Experts recommend a fundamental shift in how governments approach AI infrastructure planning. Rather than treating energy and cooling as isolated components, policymakers should adopt a full lifecycle framework that accounts for every stage of development, operation, and decommissioning.
- Engage Stakeholders Across the Full Lifecycle: Governments must involve scientists, engineers, and everyday citizens whose lives are directly affected by major data center projects, ensuring decisions reflect both technical feasibility and community impact.

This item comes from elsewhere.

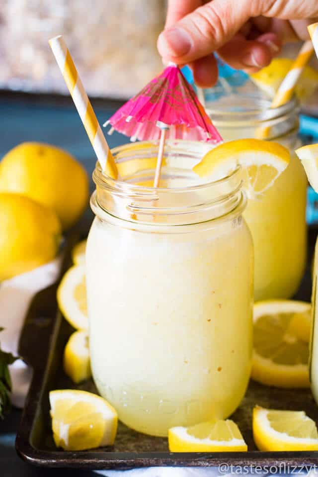 My kids love this blended frozen lemonade and I’m happy to make it for them since it only takes less than 5 minutes in the blender. Serve it while you are waiting for your burgers to grill, after an afternoon swim, for a bedtime snack…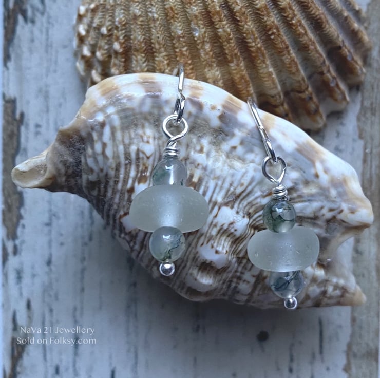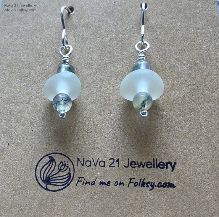 Featuring: Moss Agate semi precious bead, Pale Aqua Seaglass,Sterling silver bead and wire.

- Conduct Science-Based Grid Planning: Work closely with electrical engineers and energy researchers to model realistic AI electricity demand scenarios and plan grid expansion accordingly, avoiding both underbuilding and wasteful overbuilding of infrastructure.
- Integrate Environmental Impact Assessments: Require comprehensive assessments of water usage, land impact, noise, wildlife effects, and decommissioning plans before approving new data center projects, not as afterthoughts.
- Coordinate with National Electricity Strategy: Align AI infrastructure development with broader electricity grid modernization efforts, such as Canada's plan to double grid capacity by 2050, to ensure coherent long-term planning.
The challenge is urgent. Canada's federal government is under pressure to move quickly on AI sovereignty to compete globally, but rushing without proper planning could lock the nation into unsustainable infrastructure for decades.
What Does This Mean for Canada's AI Ambitions?
Canada's desire to pursue AI sovereignty and economic growth is legitimate and strategically important. However, experts warn that this ambition cannot come at the expense of environmental stability. The "AI For All" strategy is timely and forward-thinking in recognizing AI infrastructure as a strategic asset, but its optimistic view of Canada's capacity to sustainably develop AI while accelerating economic growth is misleading in its details.
The path forward requires honest acknowledgment of the grid's current constraints, realistic modeling of future electricity demand, and a commitment to lifecycle thinking that extends beyond the initial deployment phase. Without these adjustments, Canada risks building an AI infrastructure that appears sovereign and clean on the surface but depends on hidden environmental compromises and deferred maintenance costs that future generations will bear.